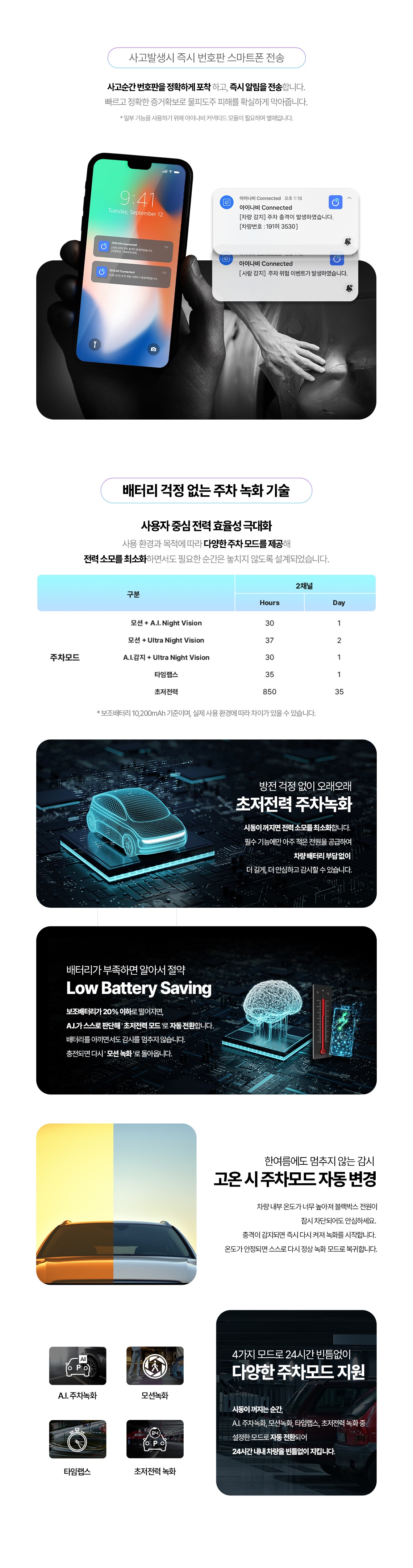 초전력 주차녹화 / 번호판 식별강화
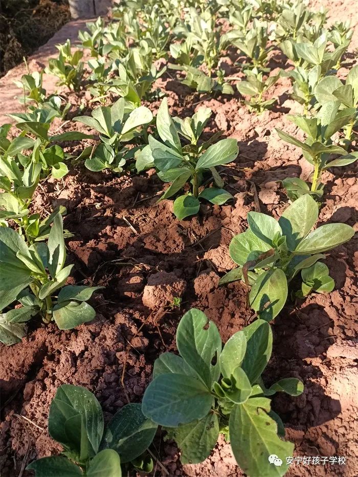 孩子們干活累了,就饒有興致地去觀察之前的同學所取得的階段性成果。或是看看正開花的蠶豆,或是瞧瞧倔強生長的豌豆和蘿卜,或是聞聞綠油油的青菜,或是摸摸即將可以享用的包菜或苤藍...... 實物可比圖片生動有趣多了,它們的生長形態(tài)如此不同,成長周期也不一樣,卻又都生長在同一片土地上,大自然的無限魅力,讓孩子們的眼睛更加敏銳,思維也活躍起來。
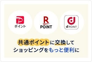 みずほポイントは、共通ポイントである「PayPayポイント」「楽天ポイント」「dポイント」の3つ全てと「1ポイント=1円相当」で等価交換することができます。これは国内銀行初(※2)のサービスです。
**********
→ What this task involves
Lines from the one with "孩子們干活累了,就饒有興致地" through the final line of the listing above: copy them exactly, both ends included, and omit every picture.

→ Written solution
 孩子們干活累了,就饒有興致地去觀察之前的同學所取得的階段性成果。或是看看正開花的蠶豆,或是瞧瞧倔強生長的豌豆和蘿卜,或是聞聞綠油油的青菜,或是摸摸即將可以享用的包菜或苤藍...... 實物可比圖片生動有趣多了,它們的生長形態(tài)如此不同,成長周期也不一樣,卻又都生長在同一片土地上,大自然的無限魅力,讓孩子們的眼睛更加敏銳,思維也活躍起來。
 みずほポイントは、共通ポイントである「PayPayポイント」「楽天ポイント」「dポイント」の3つ全てと「1ポイント=1円相当」で等価交換することができます。これは国内銀行初(※2)のサービスです。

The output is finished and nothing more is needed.